Task material section start

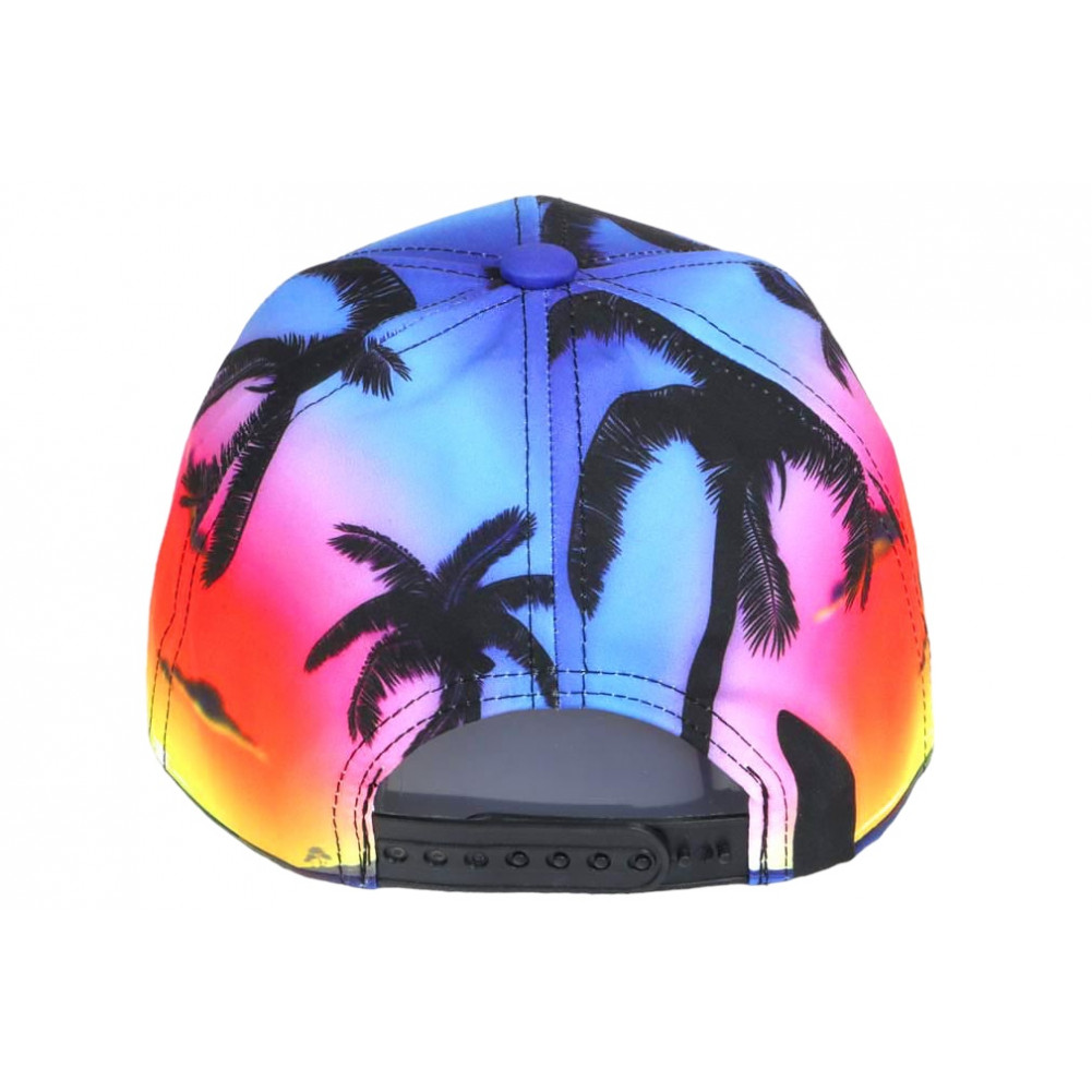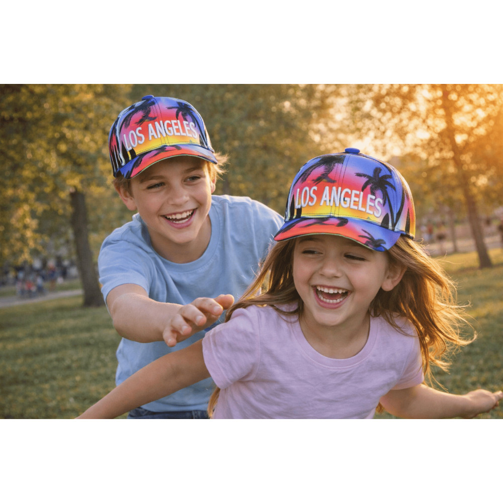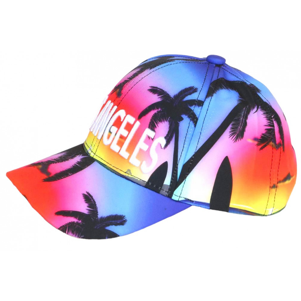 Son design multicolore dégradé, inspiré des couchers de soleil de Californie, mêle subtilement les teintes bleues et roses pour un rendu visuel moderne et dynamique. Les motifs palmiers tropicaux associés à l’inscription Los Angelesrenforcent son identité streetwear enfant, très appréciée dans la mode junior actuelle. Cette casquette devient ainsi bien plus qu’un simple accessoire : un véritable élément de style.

Task material section end
Task material section start

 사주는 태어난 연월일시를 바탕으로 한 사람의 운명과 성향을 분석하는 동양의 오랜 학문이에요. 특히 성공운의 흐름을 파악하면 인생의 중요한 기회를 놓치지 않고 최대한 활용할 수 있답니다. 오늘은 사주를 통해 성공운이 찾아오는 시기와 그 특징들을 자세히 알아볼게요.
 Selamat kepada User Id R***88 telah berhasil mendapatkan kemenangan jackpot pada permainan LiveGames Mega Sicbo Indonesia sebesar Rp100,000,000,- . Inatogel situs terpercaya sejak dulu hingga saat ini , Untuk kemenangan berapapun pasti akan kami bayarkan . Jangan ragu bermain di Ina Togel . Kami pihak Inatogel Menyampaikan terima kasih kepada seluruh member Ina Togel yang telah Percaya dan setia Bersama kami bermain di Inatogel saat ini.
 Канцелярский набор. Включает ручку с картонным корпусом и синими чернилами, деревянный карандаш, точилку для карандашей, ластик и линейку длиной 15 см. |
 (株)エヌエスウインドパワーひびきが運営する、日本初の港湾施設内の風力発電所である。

Task material section end
Task material section start

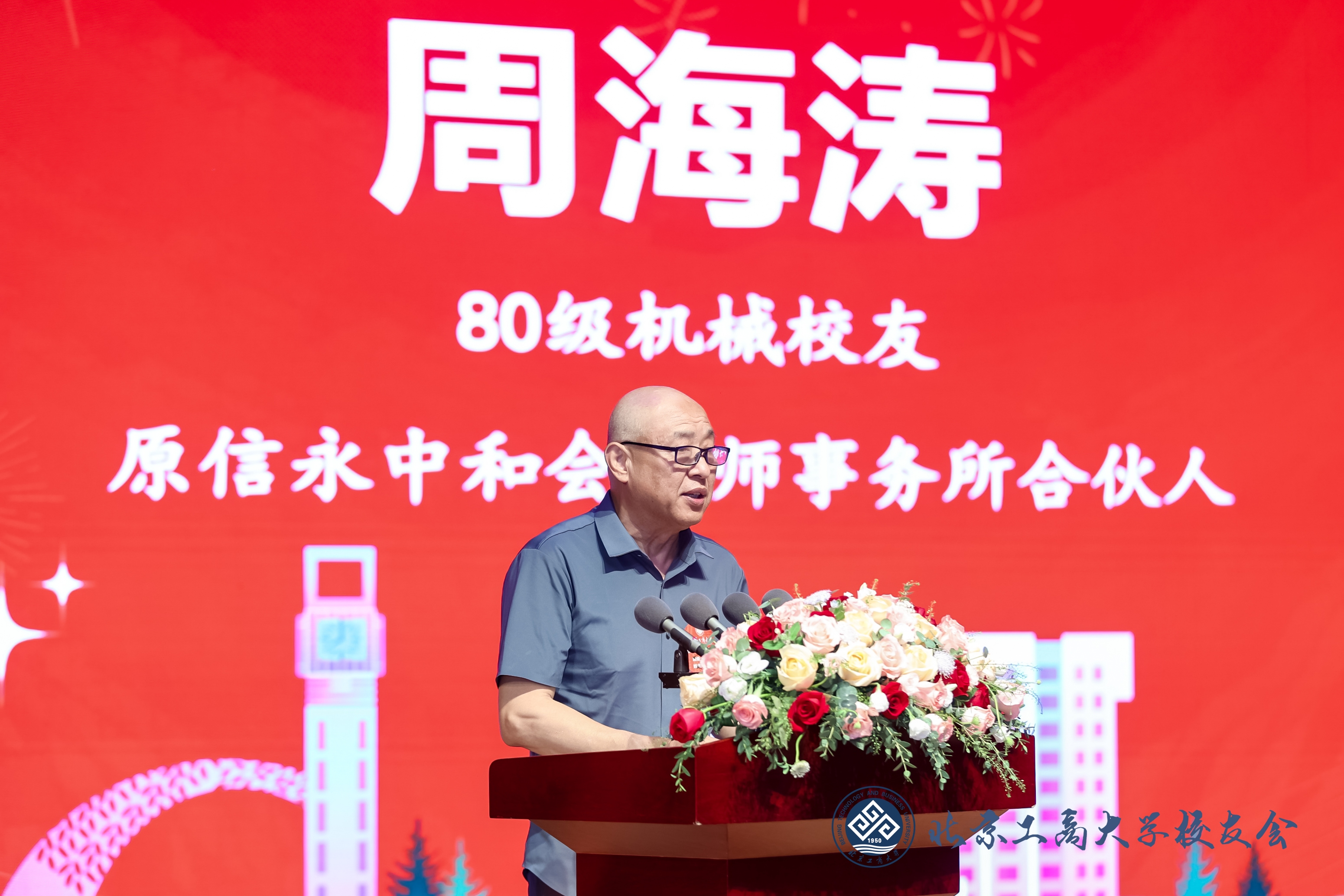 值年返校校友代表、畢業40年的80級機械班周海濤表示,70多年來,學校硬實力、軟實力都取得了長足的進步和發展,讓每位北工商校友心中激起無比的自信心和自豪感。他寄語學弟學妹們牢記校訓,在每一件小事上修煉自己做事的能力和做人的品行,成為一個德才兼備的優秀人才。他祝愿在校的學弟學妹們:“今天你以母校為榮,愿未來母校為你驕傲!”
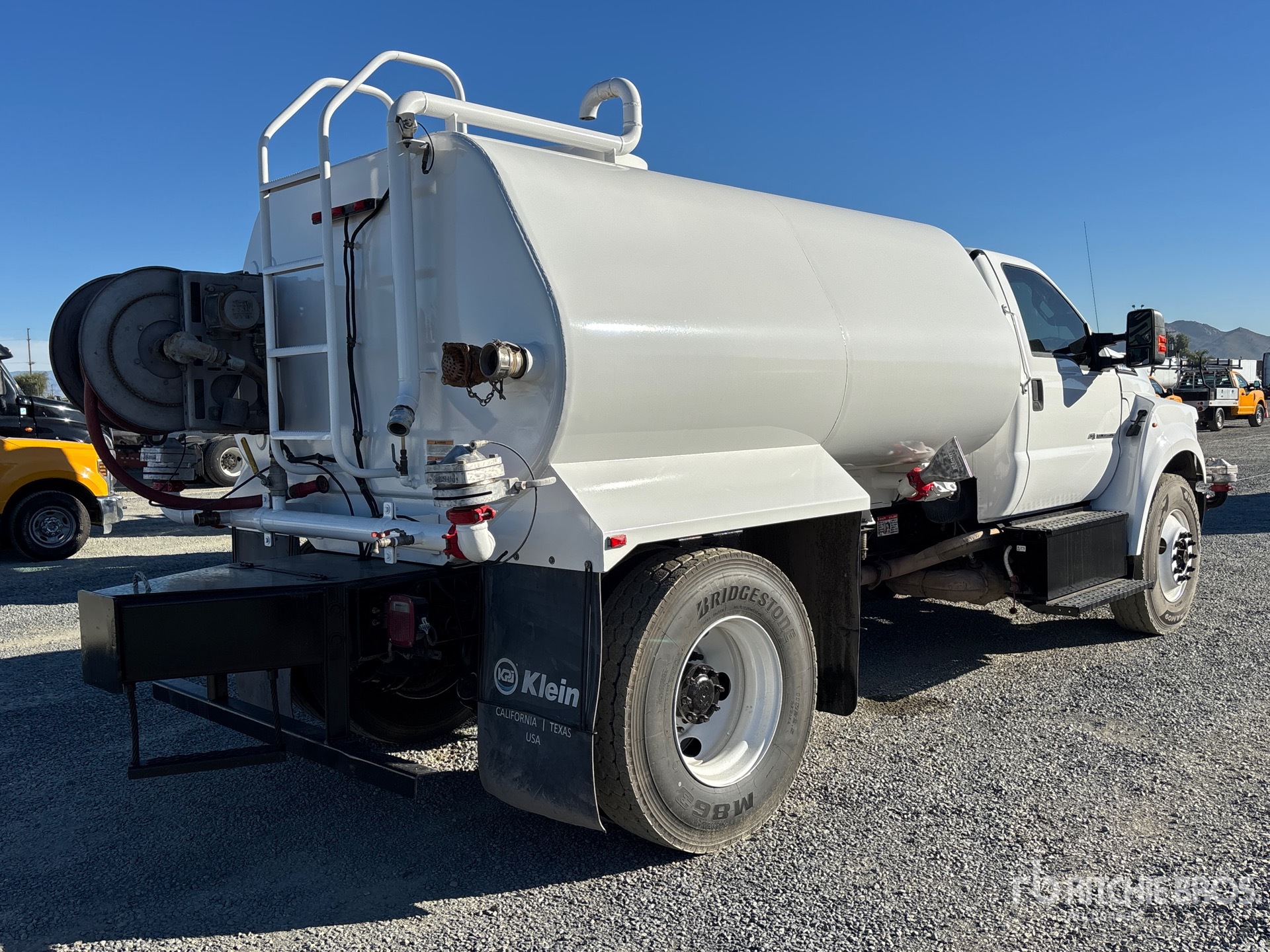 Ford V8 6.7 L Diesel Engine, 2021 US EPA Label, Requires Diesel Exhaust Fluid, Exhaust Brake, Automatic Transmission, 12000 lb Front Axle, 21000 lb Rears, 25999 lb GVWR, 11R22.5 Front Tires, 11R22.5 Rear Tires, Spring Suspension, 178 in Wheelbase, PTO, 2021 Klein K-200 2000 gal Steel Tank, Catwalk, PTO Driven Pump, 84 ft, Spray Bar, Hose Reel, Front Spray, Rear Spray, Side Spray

Task material section end

## About this exercise
Reproduce, word for word and in full, only the lines above that start at the line with "Канцелярский набор. Включает" and run through the line with "(株)エヌエスウインドパワー", both ends included.

## Answer for this exercise
 Канцелярский набор. Включает ручку с картонным корпусом и синими чернилами, деревянный карандаш, точилку для карандашей, ластик и линейку длиной 15 см. |
 (株)エヌエスウインドパワーひびきが運営する、日本初の港湾施設内の風力発電所である。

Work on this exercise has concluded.